*** Entries shown ***
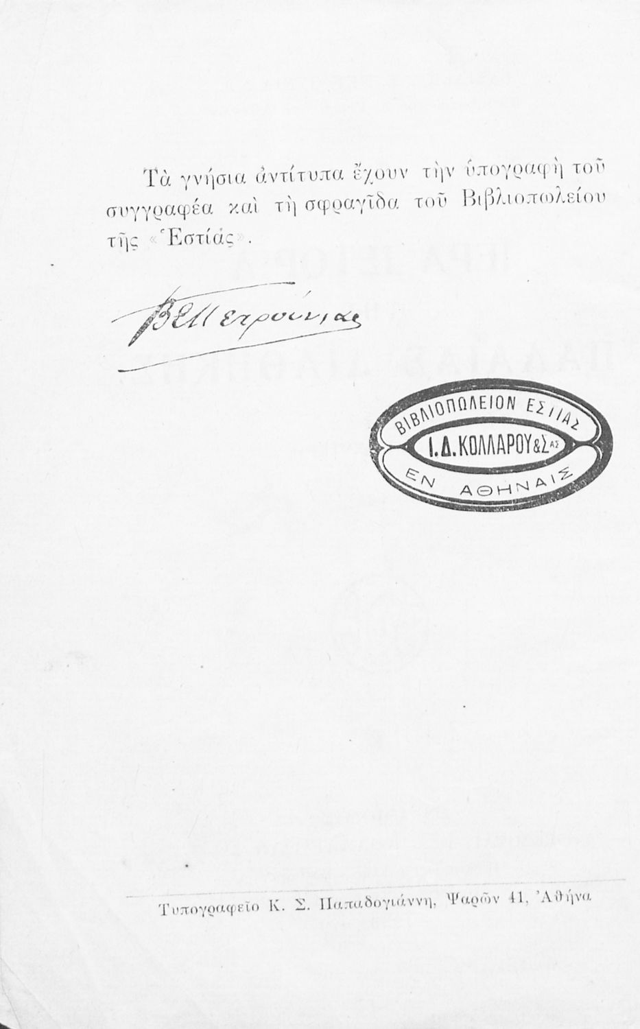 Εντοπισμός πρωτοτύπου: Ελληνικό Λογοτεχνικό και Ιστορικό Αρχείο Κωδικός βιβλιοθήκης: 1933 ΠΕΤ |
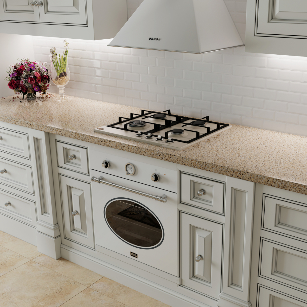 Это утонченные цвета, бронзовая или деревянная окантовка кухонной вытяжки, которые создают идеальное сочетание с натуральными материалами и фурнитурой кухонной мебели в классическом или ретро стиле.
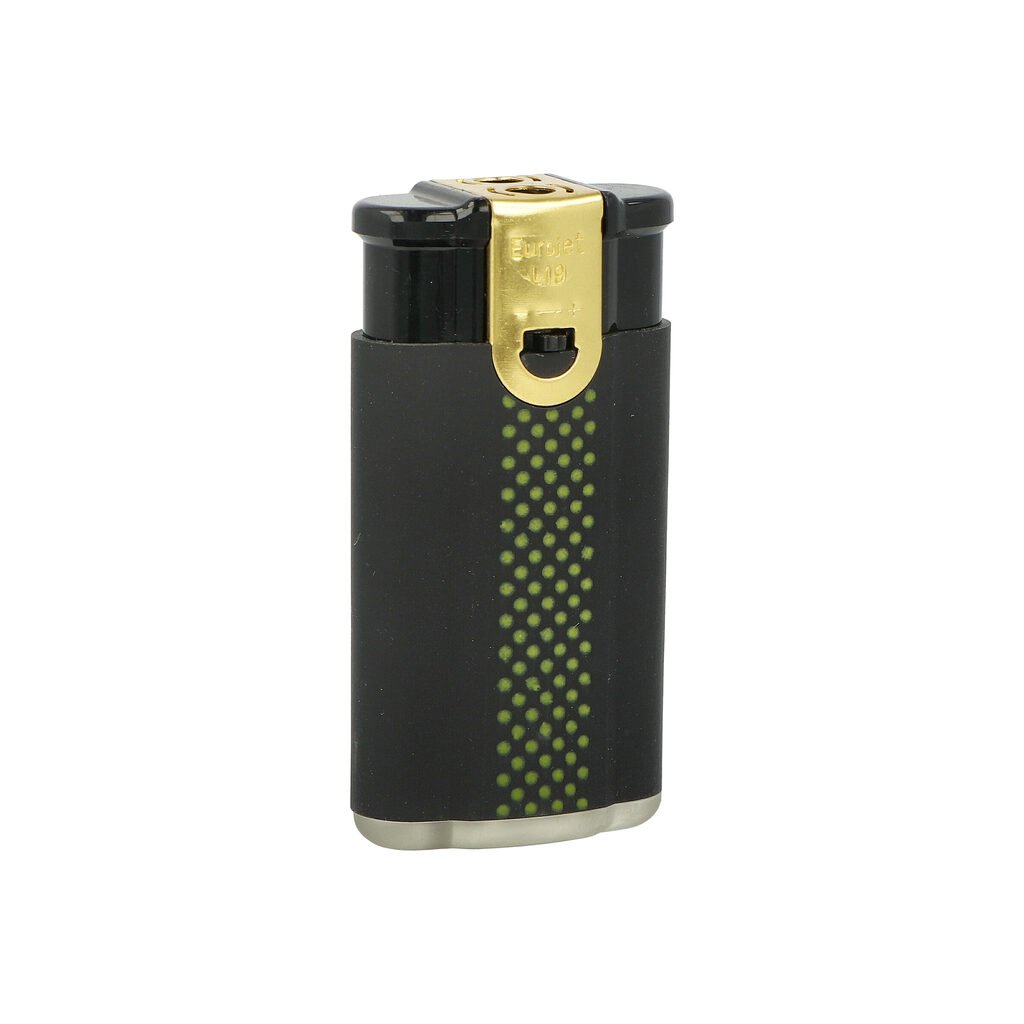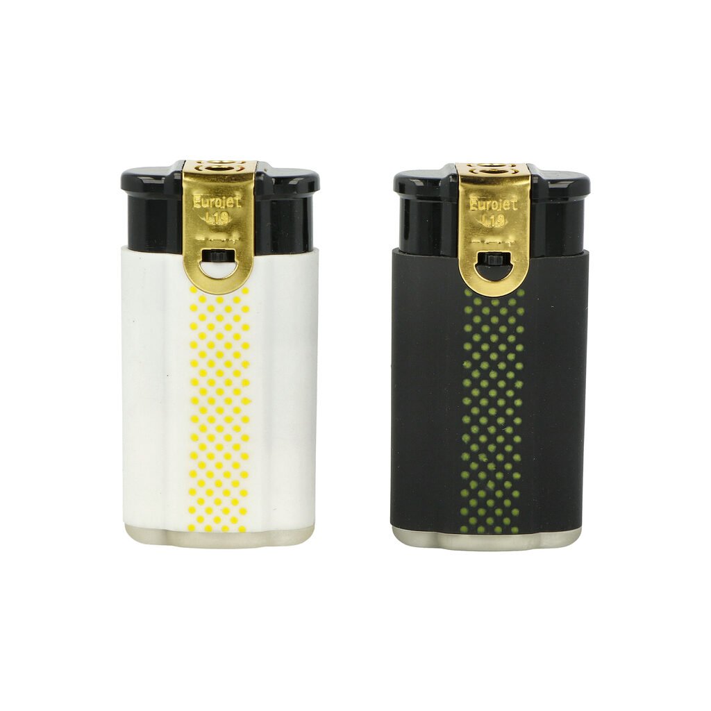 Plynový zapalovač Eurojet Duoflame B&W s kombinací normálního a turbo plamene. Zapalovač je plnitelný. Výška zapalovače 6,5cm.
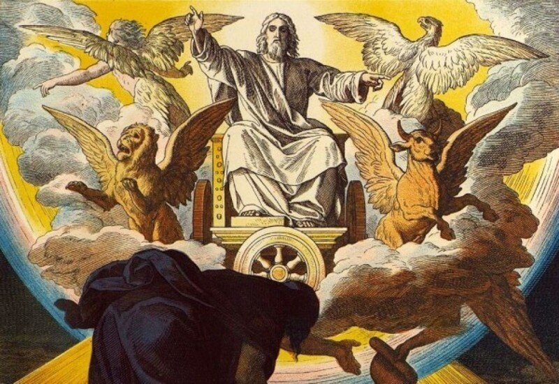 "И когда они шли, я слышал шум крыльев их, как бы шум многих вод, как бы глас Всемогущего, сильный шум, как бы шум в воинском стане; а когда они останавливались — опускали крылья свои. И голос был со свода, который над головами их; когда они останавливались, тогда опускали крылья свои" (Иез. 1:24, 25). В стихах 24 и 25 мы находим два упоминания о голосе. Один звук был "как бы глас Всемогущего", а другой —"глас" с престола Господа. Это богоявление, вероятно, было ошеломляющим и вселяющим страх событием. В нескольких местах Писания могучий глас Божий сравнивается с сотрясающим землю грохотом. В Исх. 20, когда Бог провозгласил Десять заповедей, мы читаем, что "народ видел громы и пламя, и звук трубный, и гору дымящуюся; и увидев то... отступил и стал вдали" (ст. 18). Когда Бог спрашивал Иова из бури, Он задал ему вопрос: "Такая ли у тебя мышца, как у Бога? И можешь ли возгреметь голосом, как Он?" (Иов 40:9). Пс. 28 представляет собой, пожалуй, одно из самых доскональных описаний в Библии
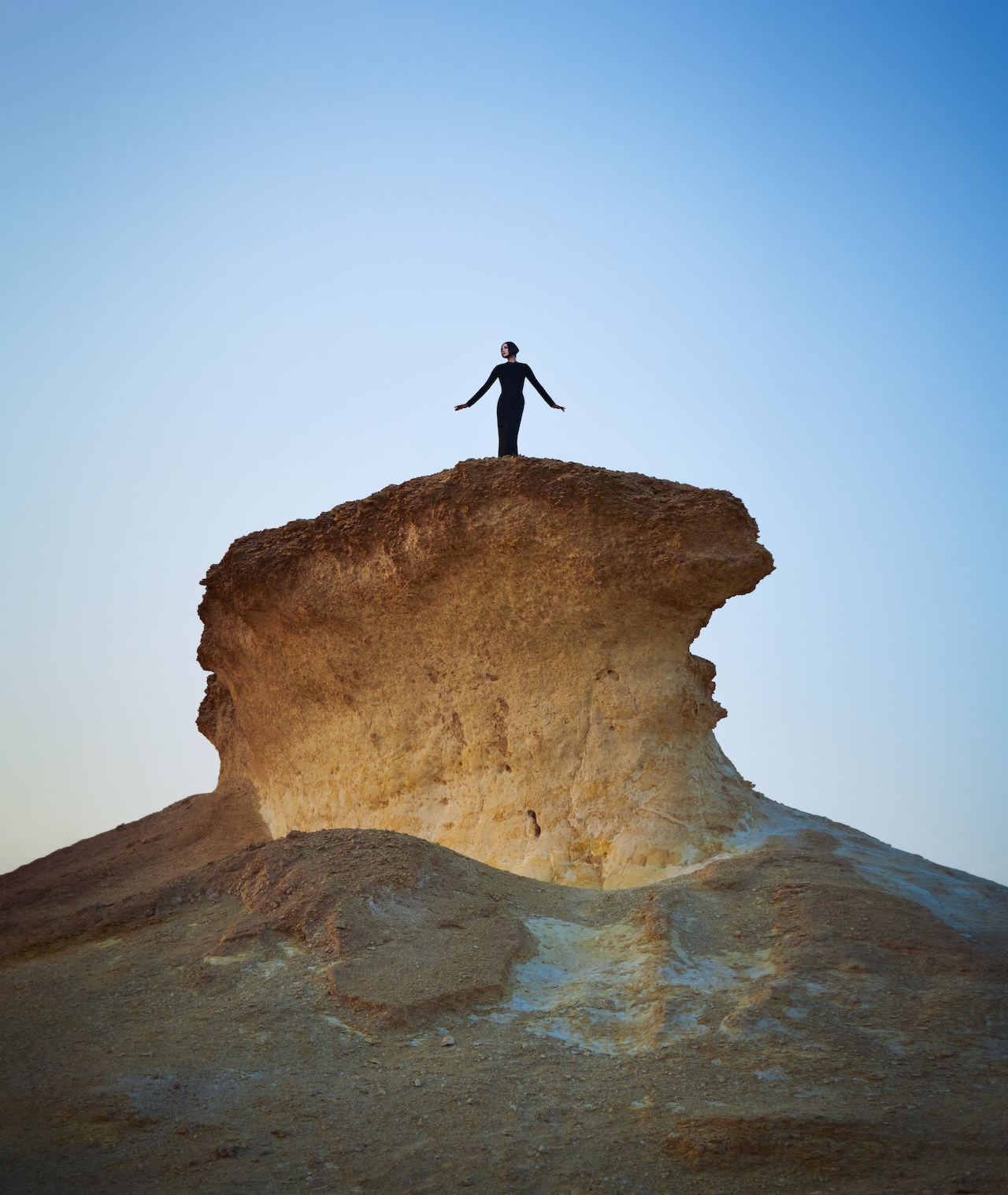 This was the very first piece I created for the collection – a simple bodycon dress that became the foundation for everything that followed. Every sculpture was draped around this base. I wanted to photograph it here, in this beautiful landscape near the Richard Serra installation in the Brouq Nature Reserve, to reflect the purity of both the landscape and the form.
***
■ What to produce ■
Output each record above word for word, leaving out images.

■ Exercise output ■
 Εντοπισμός πρωτοτύπου: Ελληνικό Λογοτεχνικό και Ιστορικό Αρχείο Κωδικός βιβλιοθήκης: 1933 ΠΕΤ |
 Это утонченные цвета, бронзовая или деревянная окантовка кухонной вытяжки, которые создают идеальное сочетание с натуральными материалами и фурнитурой кухонной мебели в классическом или ретро стиле.
 Plynový zapalovač Eurojet Duoflame B&W s kombinací normálního a turbo plamene. Zapalovač je plnitelný. Výška zapalovače 6,5cm.
 "И когда они шли, я слышал шум крыльев их, как бы шум многих вод, как бы глас Всемогущего, сильный шум, как бы шум в воинском стане; а когда они останавливались — опускали крылья свои. И голос был со свода, который над головами их; когда они останавливались, тогда опускали крылья свои" (Иез. 1:24, 25). В стихах 24 и 25 мы находим два упоминания о голосе. Один звук был "как бы глас Всемогущего", а другой —"глас" с престола Господа. Это богоявление, вероятно, было ошеломляющим и вселяющим страх событием. В нескольких местах Писания могучий глас Божий сравнивается с сотрясающим землю грохотом. В Исх. 20, когда Бог провозгласил Десять заповедей, мы читаем, что "народ видел громы и пламя, и звук трубный, и гору дымящуюся; и увидев то... отступил и стал вдали" (ст. 18). Когда Бог спрашивал Иова из бури, Он задал ему вопрос: "Такая ли у тебя мышца, как у Бога? И можешь ли возгреметь голосом, как Он?" (Иов 40:9). Пс. 28 представляет собой, пожалуй, одно из самых доскональных описаний в Библии
 This was the very first piece I created for the collection – a simple bodycon dress that became the foundation for everything that followed. Every sculpture was draped around this base. I wanted to photograph it here, in this beautiful landscape near the Richard Serra installation in the Brouq Nature Reserve, to reflect the purity of both the landscape and the form.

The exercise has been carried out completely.